TrainingDatasetについては、上記見ればわかりそう。

sakamomo554101 commented 2 years ago

https://cloud.google.com/python/docs/reference/aiplatform/latest/google.cloud.aiplatform_v1.types.GcsSource

あー、やっぱ、urisにgcsのfile uriのリスト渡せばOKだな。

sakamomo554101 commented 2 years ago

gcsのuriのリスト（training, validationあたり）を取得する必要があるな。

sakamomo554101 commented 2 years ago

あれ、モデル側で、予測対象って、どう決めてたっけ？特に決めてないのか

sakamomo554101 commented 2 years ago

学習時に決めてるはず

sakamomo554101 commented 2 years ago

https://github.com/sakamomo554101/YouyakuAI/blob/master/model_pipeline/components/trainer/src/dataset.py#L79-L91

csvにカラム名は書いてなくて、列数でターゲットを指定してる。 titleがターゲットなので、1列目（0指定）となる。

sakamomo554101 commented 2 years ago

とりあえず、prediction_target_fieldには0入れてみるけど、ダメだったら、csvに列名入れるか。

sakamomo554101 commented 2 years ago

pipelineのビルドでこける。なんだっけ、これ。ListでpipelineParamsを受け取っているのが問題？

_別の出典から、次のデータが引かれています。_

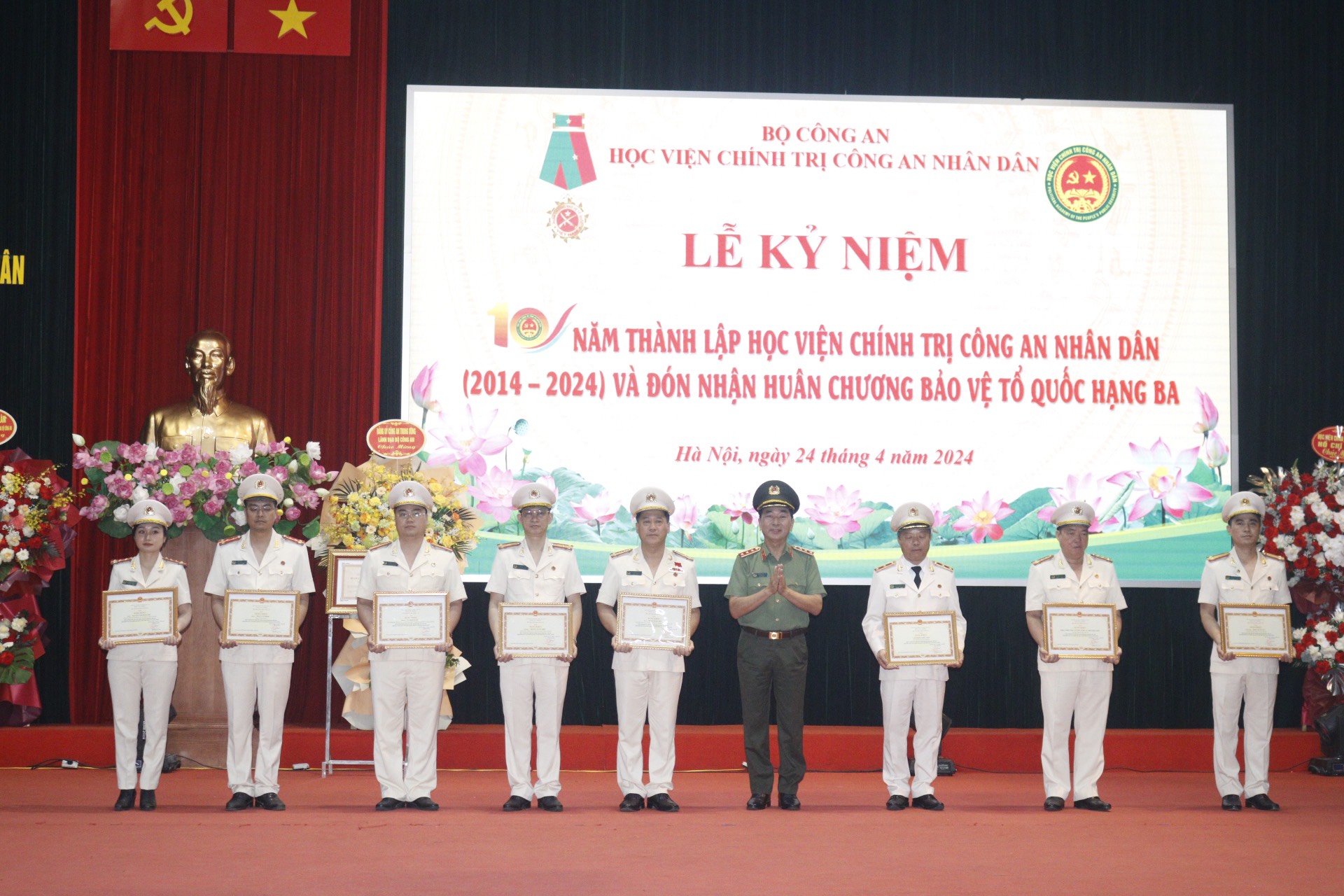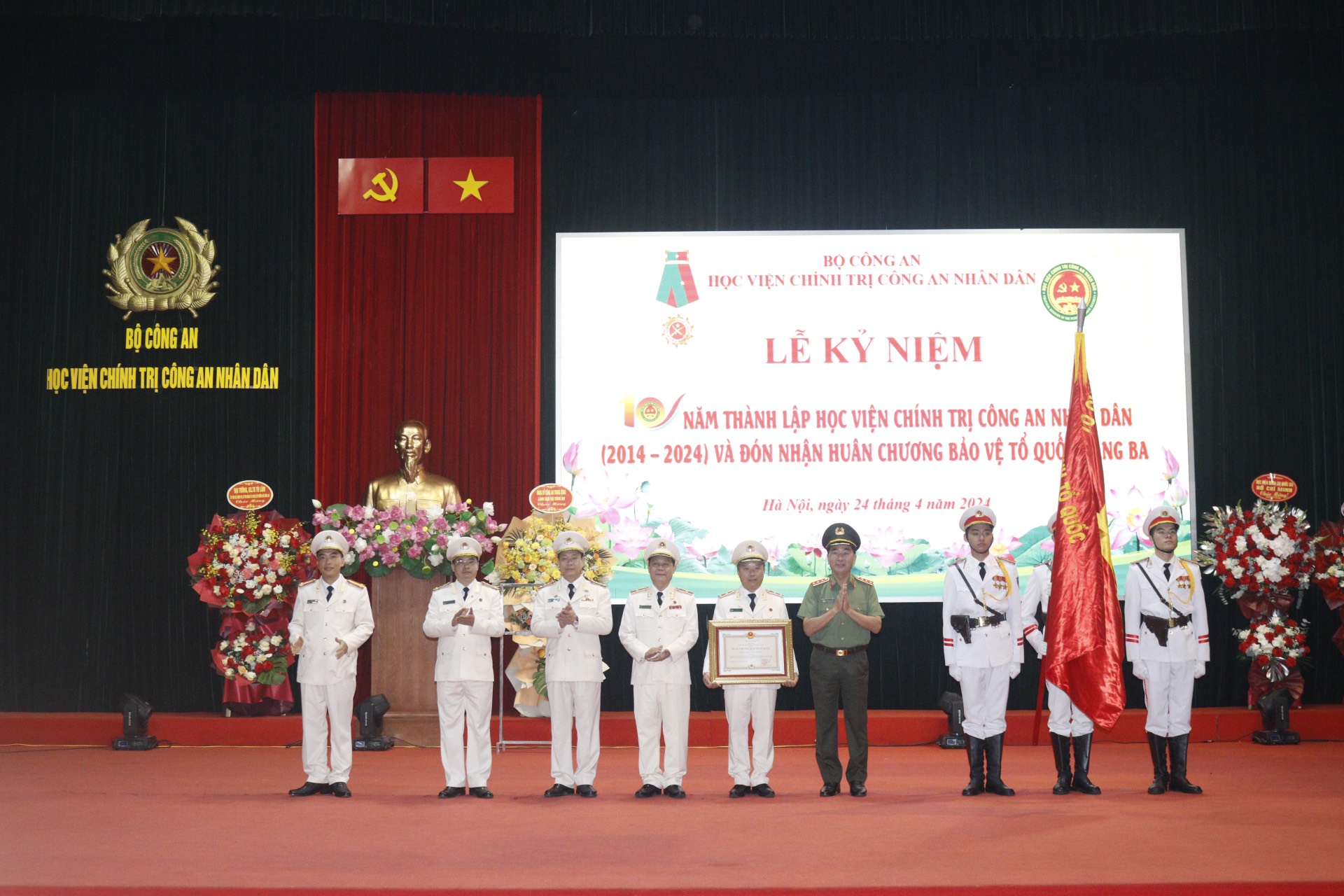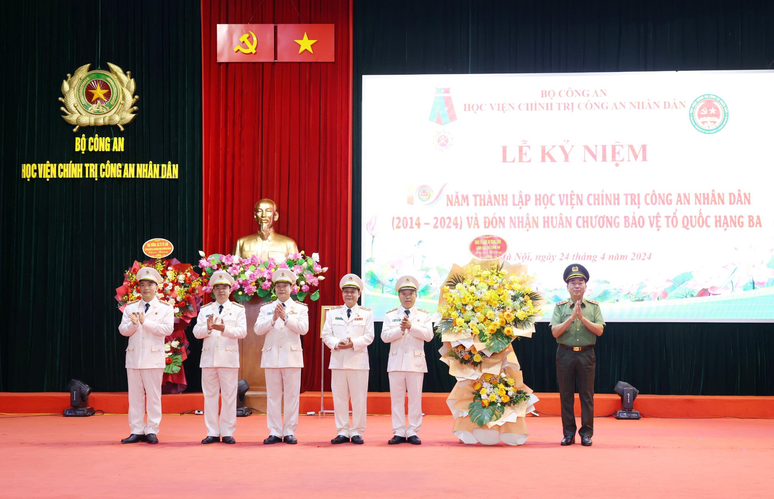 Chiều 24/4/2024, Học viện Chính trị Công an nhân dân kỷ niệm 10 năm thành lập và đón nhận Huân chương Bảo vệ Tổ quốc hạng Ba. Đồng chí Thượng tướng, PGS.TS Trần Quốc Tỏ, Ủy viên Trung ương Đảng, Phó Bí thư Đảng ủy CATW, Thứ trưởng Bộ Công an dự và phát biểu chỉ đạo. Nhân dịp này, Đại tướng, GS.TS Tô Lâm, Ủy viên Bộ Chính trị, Bộ trưởng Bộ Công an gửi lẵng hoa chúc mừng.
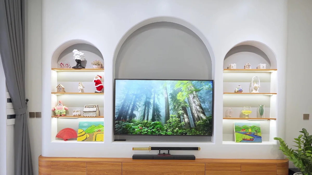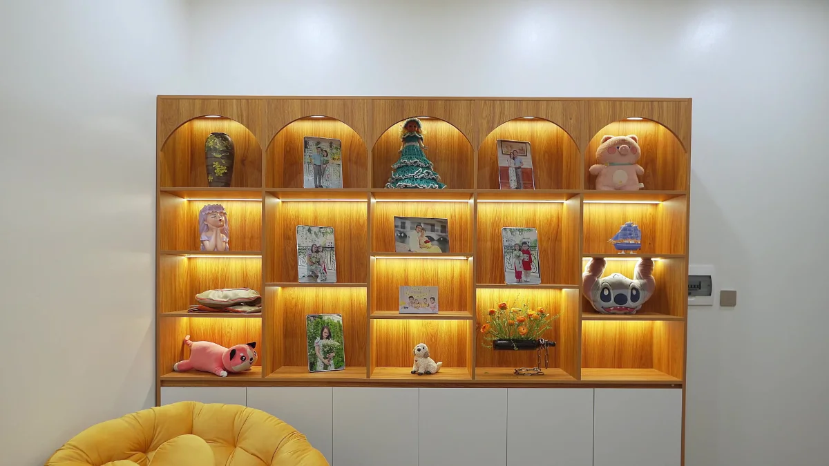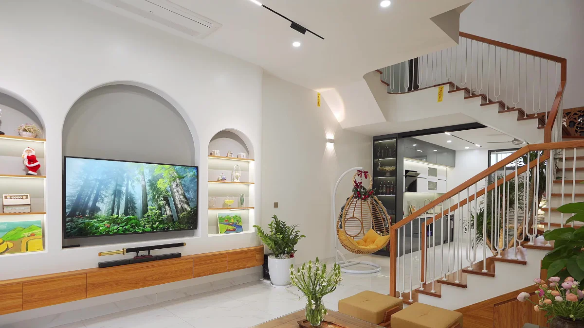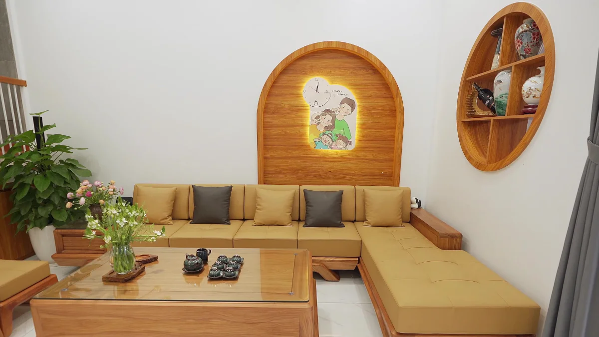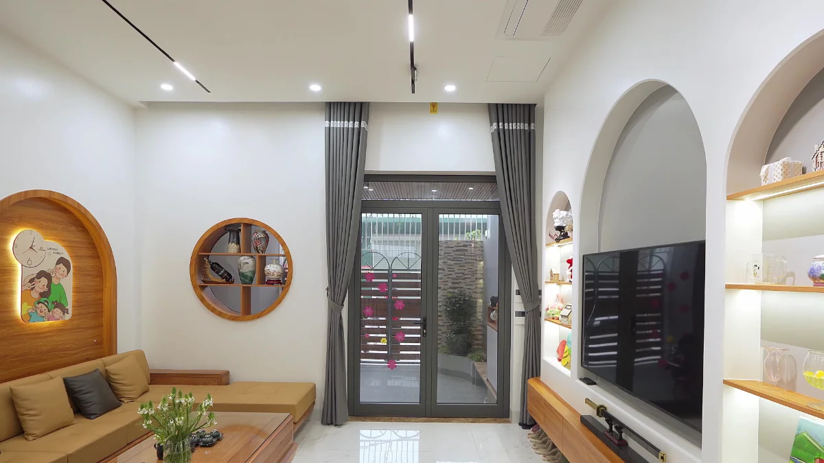Phòng khách nhẹ nhàng đơn giản với trang trí ấm áp gia đình.

Traceback (most recent call last):
  File "model_pipeline/pipeline.py", line 844, in <module>
    pipeline_instance.compile_pipeline(
  File "model_pipeline/pipeline.py", line 280, in compile_pipeline
    v2_compiler.Compiler().compile(
  File "/Users/shotasakamoto/.pyenv/versions/3.8.3/lib/python3.8/site-packages/kfp/v2/compiler/compiler.py", line 1274, in compile
    pipeline_job = self._create_pipeline_v2(
  File "/Users/shotasakamoto/.pyenv/versions/3.8.3/lib/python3.8/site-packages/kfp/v2/compiler/compiler.py", line 1196, in _create_pipeline_v2
    pipeline_func(*args_list)
  File "model_pipeline/pipeline.py", line 382, in kfp_youyakuai_pipeline
    monitoring_op = self.create_monitoring_op(
  File "model_pipeline/pipeline.py", line 717, in create_monitoring_op
    return monitoring_func(
  File "/Users/shotasakamoto/.pyenv/versions/3.8.3/lib/python3.8/site-packages/kfp/components/_dynamic.py", line 53, in Monitoring func
    return dict_func(locals())  # noqa: F821 TODO
  File "/Users/shotasakamoto/.pyenv/versions/3.8.3/lib/python3.8/site-packages/kfp/components/_components.py", line 386, in create_task_object_from_component_and_pythonic_arguments
    return _create_task_object_from_component_and_arguments(
  File "/Users/shotasakamoto/.pyenv/versions/3.8.3/lib/python3.8/site-packages/kfp/components/_components.py", line 323, in _create_task_object_from_component_and_arguments
    task = _container_task_constructor(
  File "/Users/shotasakamoto/.pyenv/versions/3.8.3/lib/python3.8/site-packages/kfp/dsl/_component_bridge.py", line 319, in _create_container_op_from_component_and_arguments
    _attach_v2_specs(task, component_spec, original_arguments)
  File "/Users/shotasakamoto/.pyenv/versions/3.8.3/lib/python3.8/site-packages/kfp/dsl/_component_bridge.py", line 593, in _attach_v2_specs
    json.dumps(argument_value))
  File "/Users/shotasakamoto/.pyenv/versions/3.8.3/lib/python3.8/json/__init__.py", line 231, in dumps
    return _default_encoder.encode(obj)
  File "/Users/shotasakamoto/.pyenv/versions/3.8.3/lib/python3.8/json/encoder.py", line 199, in encode
    chunks = self.iterencode(o, _one_shot=True)
  File "/Users/shotasakamoto/.pyenv/versions/3.8.3/lib/python3.8/json/encoder.py", line 257, in iterencode
    return _iterencode(o, 0)
  File "/Users/shotasakamoto/.pyenv/versions/3.8.3/lib/python3.8/json/encoder.py", line 179, in default
    raise TypeError(f'Object of type {o.__class__.__name__} '
TypeError: Object of type PipelineParam is not JSON serializable

sakamomo554101 commented 2 years ago

dataset_gcs_source_uris=dataset_gcs_source_uris の所をコメントアウトすると、コンパイルできるから、List指定が問題そう。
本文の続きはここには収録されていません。